In this case we can solve this by using a `ReRanker`. Re-rankers are more expensive than just doing simple vector search but they often allow us to improve the results of our retrieval system by a large margin.

We can use the `rerank` method in LanceDB to re-rank our results. We'll use the `CohereReranker` to do so. We'll also use the `rerank_top_k` parameter to limit the number of results that we return.


In [None]:
from lancedb.rerankers import CohereReranker

# Let's try a search query and see the results before reranking
query = "where did the capital of the United States decide to allow capital punishment?"

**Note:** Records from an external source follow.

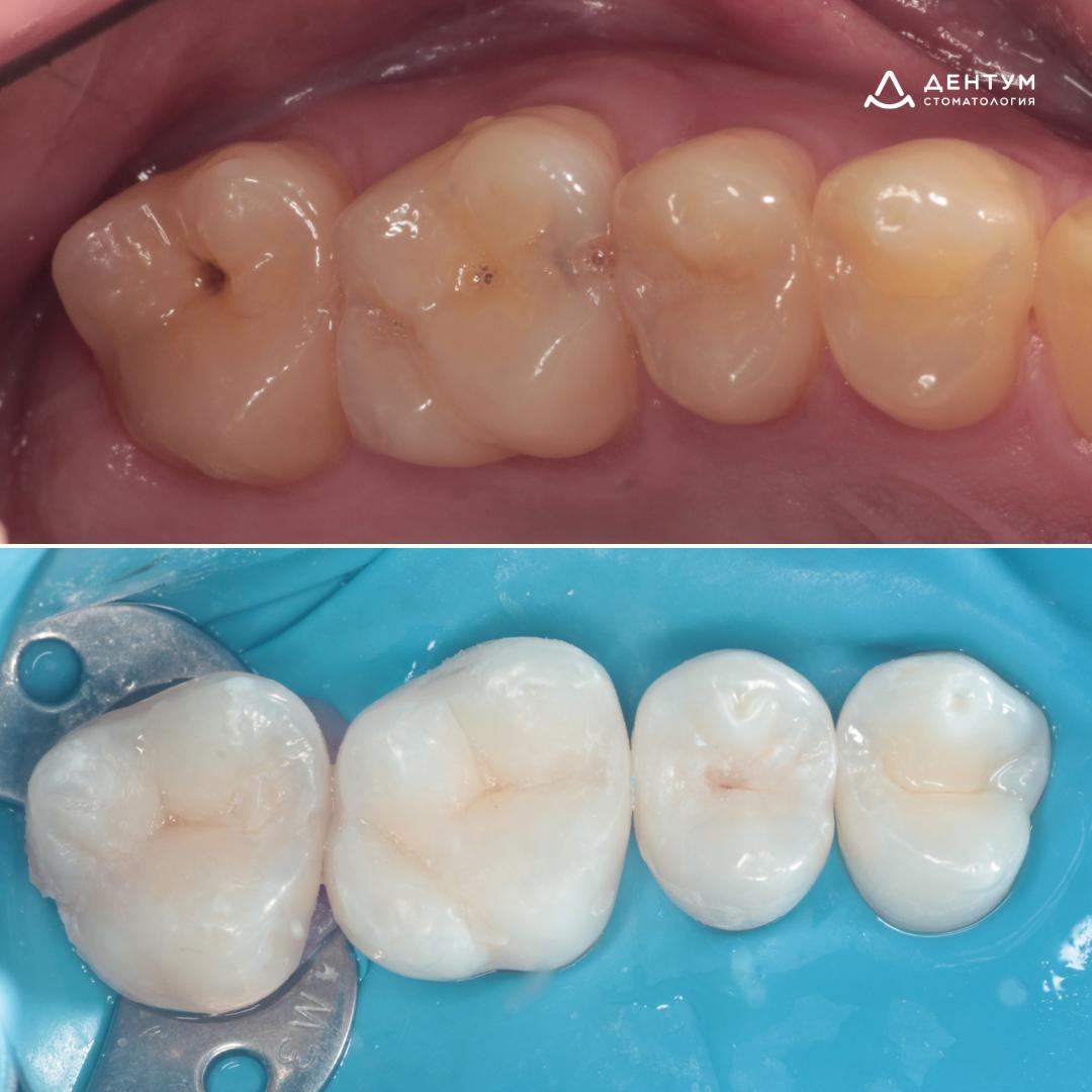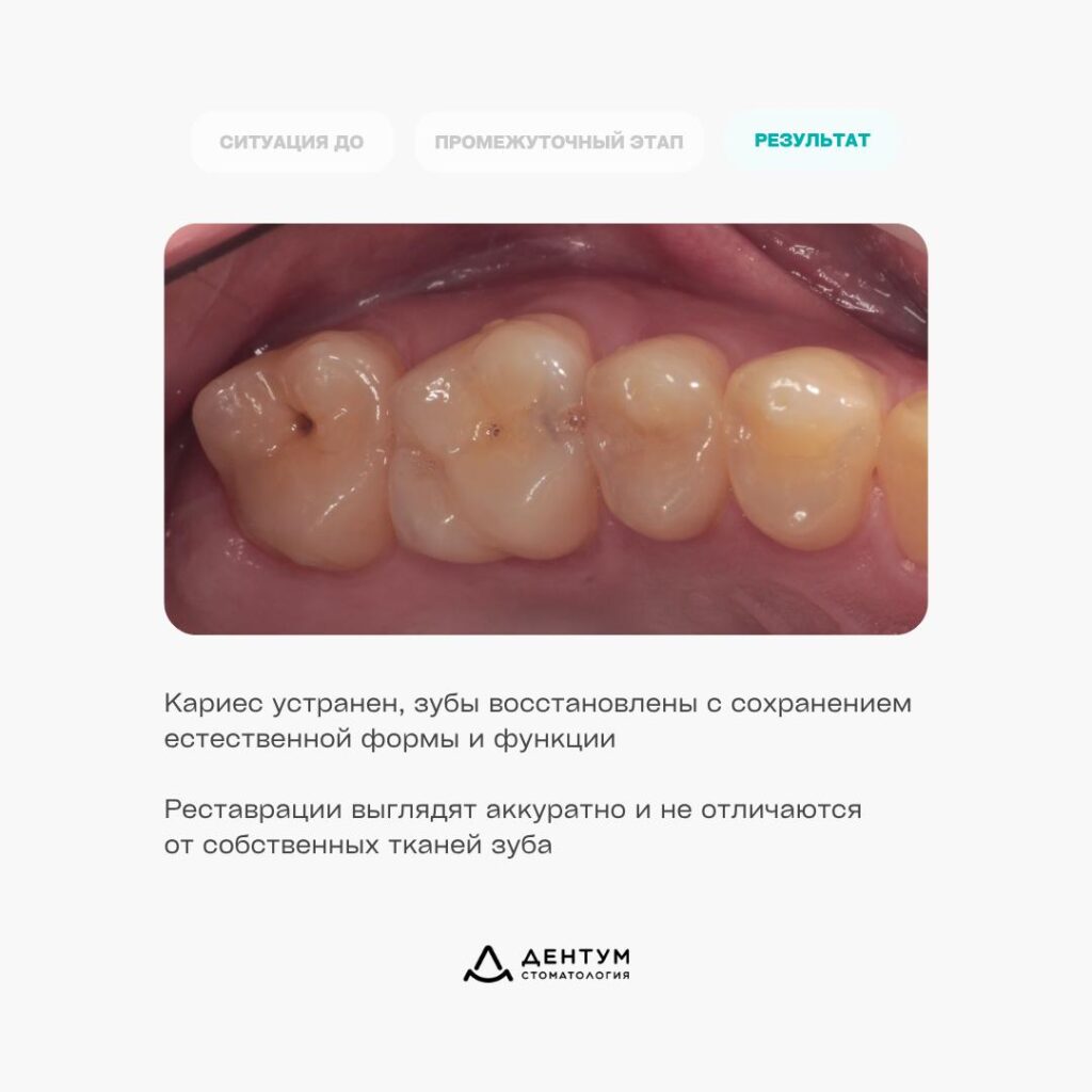 Кариес устранен, зубы выглядят естественно, полностью сохранена жевательная функция и комфорт.
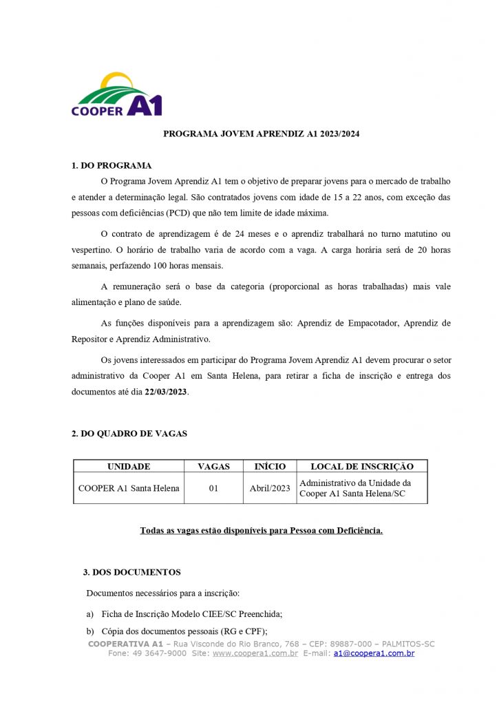 EDITAL: Jovem Aprendiz Santa Helena/SC
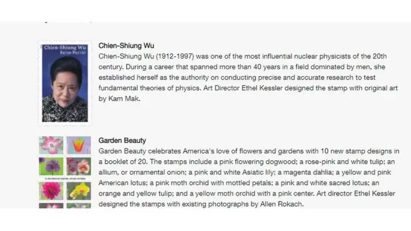 С приближением 2021 года Почтовая служба США объявила, что на одной из новогодних марок будет изображена женщина-ученый китайского происхождения Чиен-Шиунг Ву.

# Then Define a Cohere Reranker
reranker = CohereReranker(model_name="rerank-english-v3.0")

results = (
    complex_table.search(query, query_type="hybrid").rerank(reranker).limit(4).to_list()
)
for idx, item in enumerate(results):
    print(f"\n{idx + 1}. {item['text']}")

## Conclusion

In this notebook, we've explored the core features that make LanceDB well-suited for RAG applications. We learned how to:

1. Define clean schemas using Pydantic models
2. Index and search data using different methods
3. Leverage the Re-Ranking API to improve the results of our retrieval system

LanceDB's combination of type safety through Pydantic, automated embedding handling, and unified search API provides a strong foundation for RAG development. These capabilities will be especially valuable in future weeks as we evaluate and improve different aspects of our retrieval system. Understanding these LanceDB basics ensures you can follow along with the rest of the course and make the most out of it.